Le courage managérial, c’est être présent au moment qu’il faut, avec l’attitude qu’il faut, tout en tranchant d’une manière souple et autoritaire, non équivoque afin de tuer dans l’œuf toute possibilité de rébellion. Et ensuite, de rester droit dans vos bottes sur le sujet tout en démontrant votre souplesse légendaire du quotidien.

Rester ferme tout en étant souple et ouvert à la communication est un exercice acrobatique, et toute personne censée faire du management devrait être passée maître en la matière. Simple à dire, mais difficile à tenir sur le long terme…

Ce n’est pas avoir le derrière entre deux chaises, mais quelquefois cela s’y apparente vraiment. Semblant être stable, la moindre pichenette dans une chaise et c’est l’ensemble qui vacille; et qui va s’écraser gentiment le coccyx sur un sol toujours trop dur ?

La prise de décision est donc cet exercice flou où on oscille entre le mou et le dur, entre l’immédiat et le reporté, le spontané et le manipulatoire et où il faut s’affirmer sans trop s’affirmer. On comprend qu’à ce niveau, cela ne s’apprend pas dans une école et que cela ne relève pas, non plus, d’une procédure « qualité ».

Par contre, les signes d’alarme concernant votre processus décisionnel peuvent prendre plusieurs formes. L’une d’elles est quand on vous demande d’écrire votre décision. Cela veut dire qu’une arnaque vous attend ou que votre style décisionnel s’apparente à celui qui retourne sa veste plus vite que le vent, ou encore qu’un certain manque de confiance se fait jour.

Une autre est que l’on vous suggère systématiquement une réunion ou qu’il faudra en débattre à la prochaine réunion. Cela indique que vous n’avez plus vraiment la cote et qu’il est préférable d’avoir plusieurs avis de personnes extérieures parce que votre processus décisionnel ne fait plus vraiment l’unanimité…

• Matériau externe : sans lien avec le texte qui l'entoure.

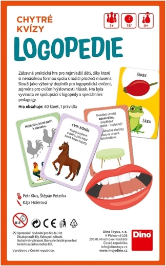 Un gioco divertente e pratico per i più piccoli che, in collaborazione con genitori o insegnanti, aiuta ad esercitare il linguaggio in modo naturale. Ideale come supporto agli esercizi di logopedia, soprattutto per il training della pronuncia dei suoni. Il gioco è stato sviluppato con logopedisti e pedagogisti specializzati, contiene 60 carte quiz ed è prodotto nella Repubblica Ceca.

Dernier point qui n’arrangera pas les choses, c’est que pour vous le temps est un allié précieux et vous préférez laisser mourir les choses en vous disant que le temps arrangera tout. L’optimisme de cette forme de pensée, si elle devient monnaie courante, ne va pas arranger vos affaires.

En effet, jouer la montre en terme décisionnel c’est tout simplement afficher que vous êtes dépassé et qu’il vous faut du temps pour réfléchir ou pour clarifier le brouillard neuronal dans lequel vous baignez de plus en plus souvent.

La règle d’or du courage managérial concernant l’indécision est de savoir nuancer ce qui relève soit de l’autorité, soit de la réflexion ou soit de la prise de risque.

Être indécis est normal, si seulement cela reste dans les limites de l’acceptable humain. Alors, ne vous méprenez pas sur les situations car bien que toutes uniques, certaines vous taquineront pour savoir si vous êtes vraiment un chef (autorité), un sage (réflexion) et un gagneur (prise de risque).

Maintenant que l’essentiel est dit, il ne vous reste plus qu’à observer comment vous vous comportez et de faire en sorte de corriger les dérives naturelles qui arrivent quand la force et l’énergie commencent à vous manquer. Rappelez-vous, même quand il dort, le chef a toujours l’œil ouvert !

Laurent DUREAU

Article paru à l’origine sur le blog Booster Votre Influence le 8 mai 2008 et réactualisé sur le blog 345D le 26 février 2012.